In Brooks, Alberta, 7% of the population tested positive for COVID-19, with 600 workers confirmed and probable cases in the JBS Foods plant. As of May 9, 510 workers had recovered, but one worker died. The plant added a shift premium of $4 an hour, but many employees skipped their shifts, forcing the company to reduce their schedule to one shift. As of April 21, the company claimed that there had been no walk-offs.

===Lilydale===

On May 1, it was announced that 52 employees of a Lilydale poultry plant in Coquitlam were infected by the virus.

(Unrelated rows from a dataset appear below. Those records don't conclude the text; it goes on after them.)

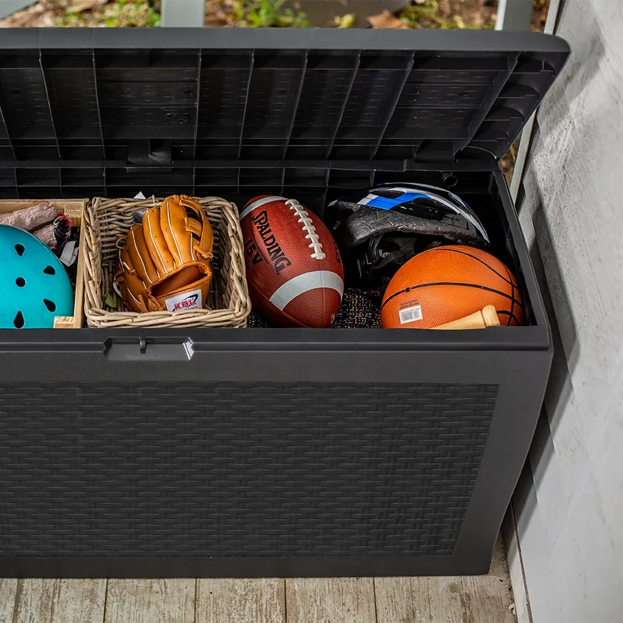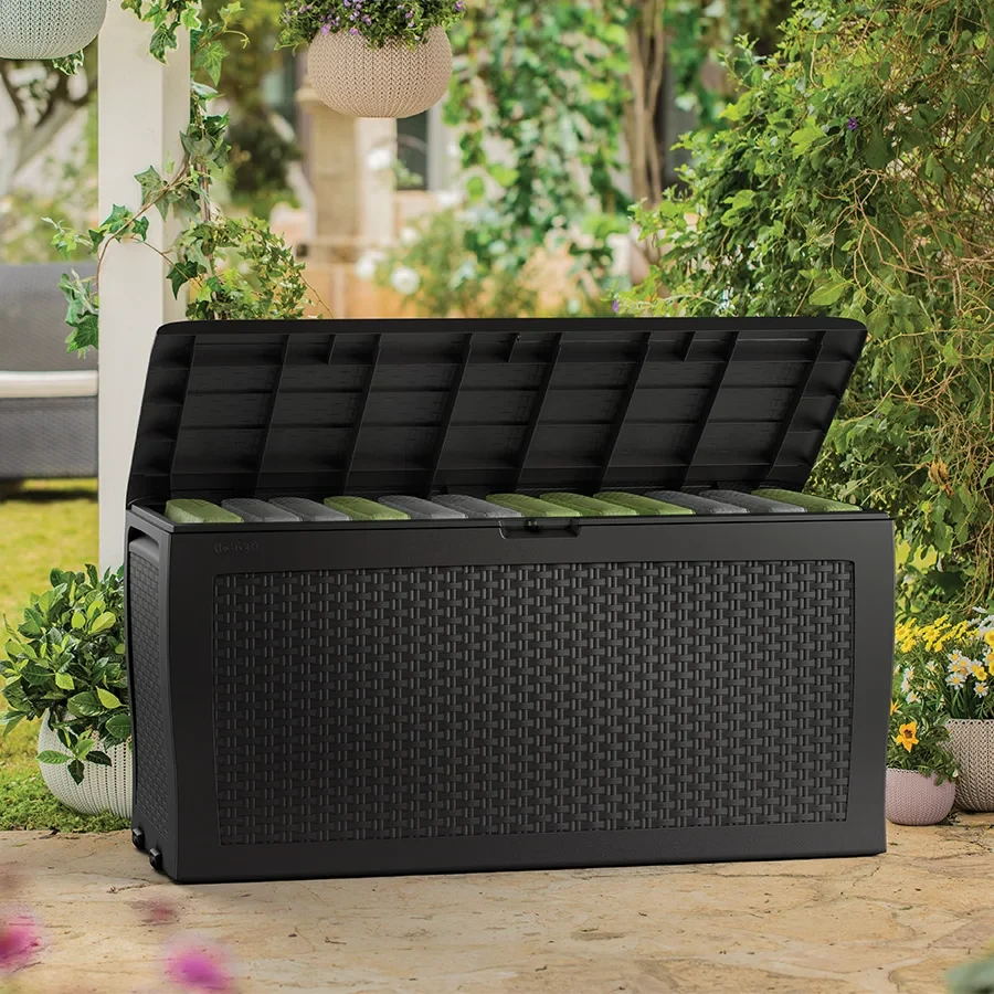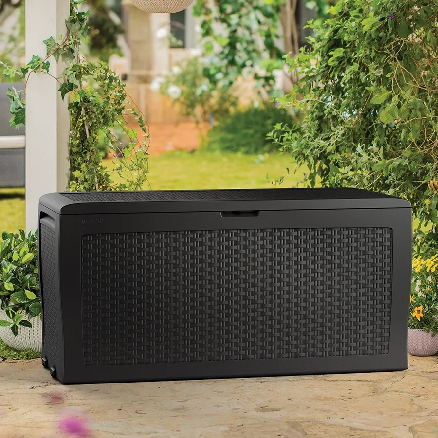 Doskonały schowek na poduszki i akcesoria ogrodowe. Mocna i wytrzymała skrzynia, pięknie zaprojektowana i estetycznie wykończona. Faktura powierzchni przypominają naturalny splot rattanowy. Odporna na szkodliwe warunki atmosferyczne i promieniowanie UV. Nie wymaga konserwacji. Wbudowane uchwyty i rolki ułatwiają przemieszczanie nawet przy wewnętrznym obciążeniu schowka. Łatwy i szybki montaż – bez użycia narzędzi. Produkt bardzo łatwy w utrzymaniu w czystości.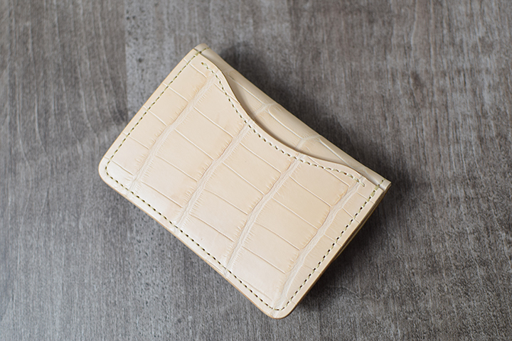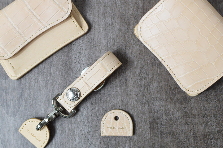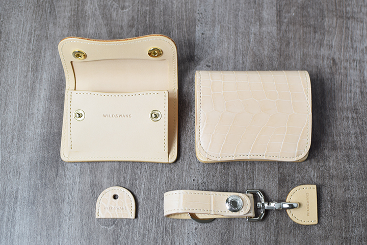 エキゾチックレザーの代表格であるクロコダイルは、WILDSWANSにおいて近年人気が急上昇している皮革の一つです。現在、WILDSWANSではブラックとチョコの2色のカラーを定番カラーとしてクロコダイルシリーズを展開していますが、今回、極めて珍しいナチュラルカラーのクロコダイルを入手することができましたので、少量ではありますがこちらを用いた革小物を製作させて頂きました。
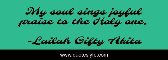 This page presents the quote "My soul sings joyful praise to the Holy one.". Author of this quote is Lailah Gifty Akita. This quote is about praises-and-worship, christian-life, sing,.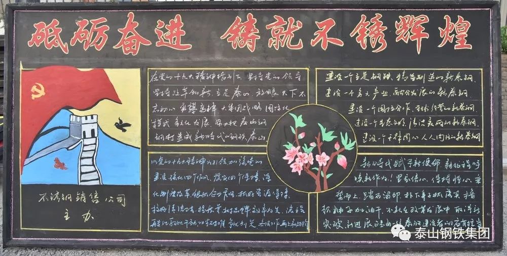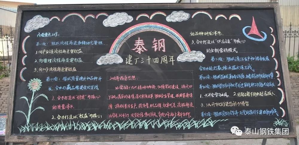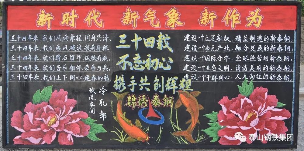 但是,泰山钢铁集团的钢铁汉子们不仅能百炼钢,亦能绕指柔!今年4月20日是泰山钢铁集团恢复生产34周年纪念日,为庆祝这一历史时刻,回顾和讴歌34年的创业历程,自4月18日起,泰山钢铁集团开展了黑板报展评庆祝活动。来自分厂、部室的钢铁汉子们纷纷用手中的画笔为这幸福的日子粉刷彩色的祝福……

As of April 23, at least one employee of the Lilydale plant in southeast Calgary had COVID-19.

===Maple Leaf Foods===
According to a message posted on the companies website, at least 59 employees contracted COVID-19. The company reported one COVID related death. Since the pandemic began, Maple Leaf Foods deployed a plan to tackle COVID-19, the company said: "We deployed our pandemic plan early, conducting daily health and temperature screening, requiring masks and social distancing, installing plexiglass separators between workstations where possible, and adding trailers at some locations to decrease density in employee welfare areas." The company encouraged all employees to get the COVID-19 vaccination.

===Olymel===
The Olymel facility in Red Deer faced an extensive COVID-19 outbreak. 515 positive COVID cases were recorded and at least 3 deaths were announced.

===United Poultry Co.===
28 employees tested positive for the virus at the United Poultry Company, after the health authority investigated. It is not clear whether the virus was spread through contact during work, or within a break room. There was evidence at the plant that employees did have access to gloves and some plastic face coverings, but they identified that the plans that were in place were inadequate or were not appropriately executed.